Tracing lithium’s temporal entanglements could be a step to recovering what has been displaced, and toward imagining what futures might resist extraction’s inherited logics. Artistic practice, then, becomes a way to re-temporalise extraction – a method of making felt what Adam names “invisible hazards” and what Colebrook describes as the memory of the planet itself. To think with lithium is to confront a mineral archive – one that records the layered temporal, ethical, and planetary consequences of the transition we are told will save us. As Chakrabarty (2009; 2021) argues, human histories are now deeply interwoven with the biogeological history of the planet – a layering that conventional histories of capital fail to address. Lithium, in this sense, makes visible the superimposition of deep time and crisis time, where colonial afterlives and geologic futures are sedimented together.

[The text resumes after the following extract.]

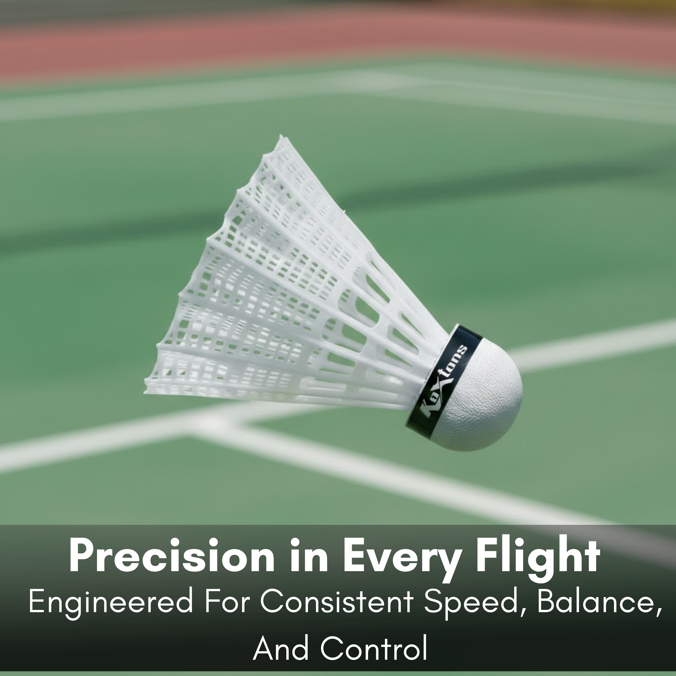 The Koxtons KOX-200 Nylon Shuttlecock is designed for badminton players seeking durability and consistent performance during training and recreational play. Featuring a high-quality nylon skirt and a fiber cork base, this shuttlecock ensures reliable flight stability and longevity.

Artistic research opens space not only for critique but for attunement – to geologic time, to nonhuman testimony, to the possibility that not all has been forgotten. Here, witnessing becomes a mode of attention that echoes Derrida’s call to listen to the voices of those not fully present, to engage what remains unresolved and resistant to closure (Derrida 1994). From an artist’s standpoint, lithium extraction registers in the visible scars of open-pit mines revealed by satellite imagery, but also in atmospheres – in the ghost of water that no longer flows, in the silences of disrupted places. The mineral marks remembrance, even as extraction insists we forget.

In returning to the mineral’s memory, we begin to listen differently. As Latour (2017) suggests in Facing Gaia, to listen differently is to treat the Earth not as a passive substrate, but as a responsive assemblage – capable of registering, remembering, and resisting extraction. Art functions as both a register of loss and a mode of interruption, making space for alternate forms of relation. In confronting lithium’s layered violence, artistic practice affirms the possibility of perceiving otherwise – of staying with what resists assimilation into data, value, or solution.
References
Adam, Barbara. 1998. Timescapes of Modernity: The Environment and Invisible Hazards. London: Routledge.

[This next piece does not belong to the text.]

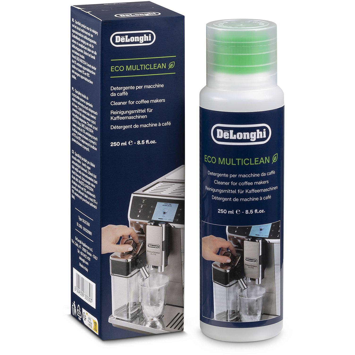 De'Longhi Eco MultiClean este o soluție de curățare eficientă și ecologică pentru toate espressoarele. Este concepută pentru a curăța în profunzime circuitele de lapte, inclusiv carafa și duza de abur, pentru a îndepărta proteinele și grăsimile din lapte. În plus, este adecvată pentru curățarea reziduurilor de lapte de pe toate componentele detașabile ale espressorului care pot fi clătite.

Colebrook, Claire. 2017. “The Time of Planetary Memory.” Textual Practice 31 (5): 1017-1024.
Chakrabarty, Dipesh. 2009. "The Climate of History: Four Theses." Critical Inquiry 35 (2): 197-222.

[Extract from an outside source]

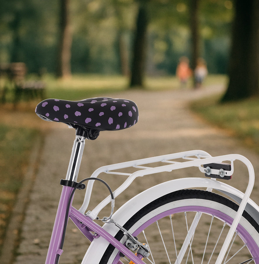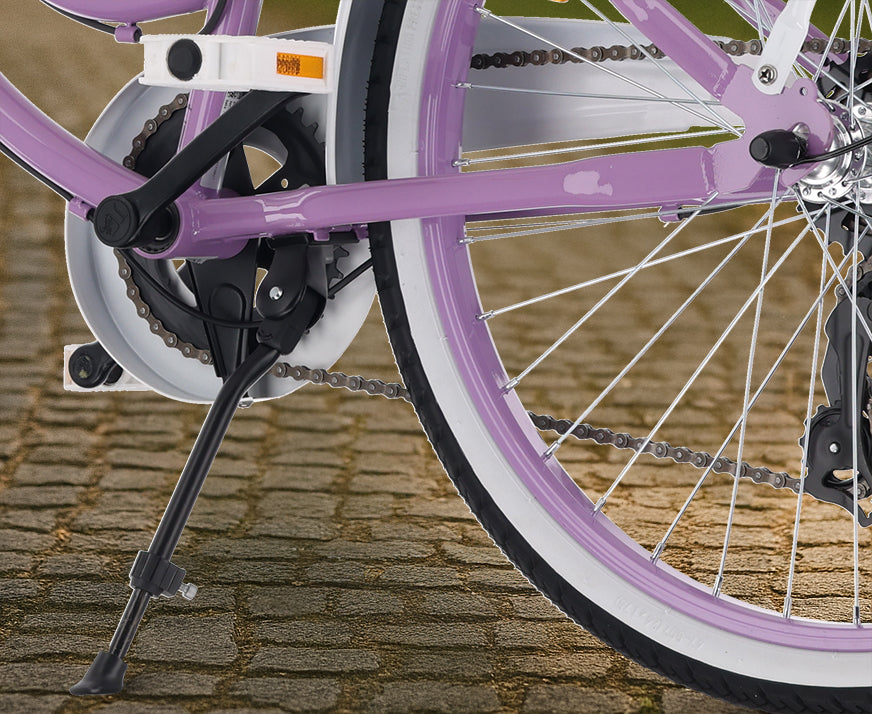 - W zestawie: błotniki, osłona łańcucha, odblaski, dzwonek, bagażnik, stopka boczna, przerzutka Shimano

Chakrabarty, Dipesh. 2021. The Climate of History in a Planetary Age. Chicago: University of Chicago Press.
Derrida, Jacques. 1994. Specters of Marx: The State of the Debt, the Work of Mourning, and the New International. New York: Routledge.
Descola, Philippe. 2013. Beyond Nature and Culture. Chicago: University of Chicago Press.
Nixon, Rob. 2011. Slow Violence and the Environmentalism of the Poor. Cambridge, MA: Harvard University Press.
Latour, Bruno. 2017. Facing Gaia: Eight Lectures on the New Climatic Regime. Translated by Catherine Porter. Cambridge: Polity Press.
Whitcraft, Davey. To Those Who Create the Future. Single-channel HD video, 09:18 min. 2024.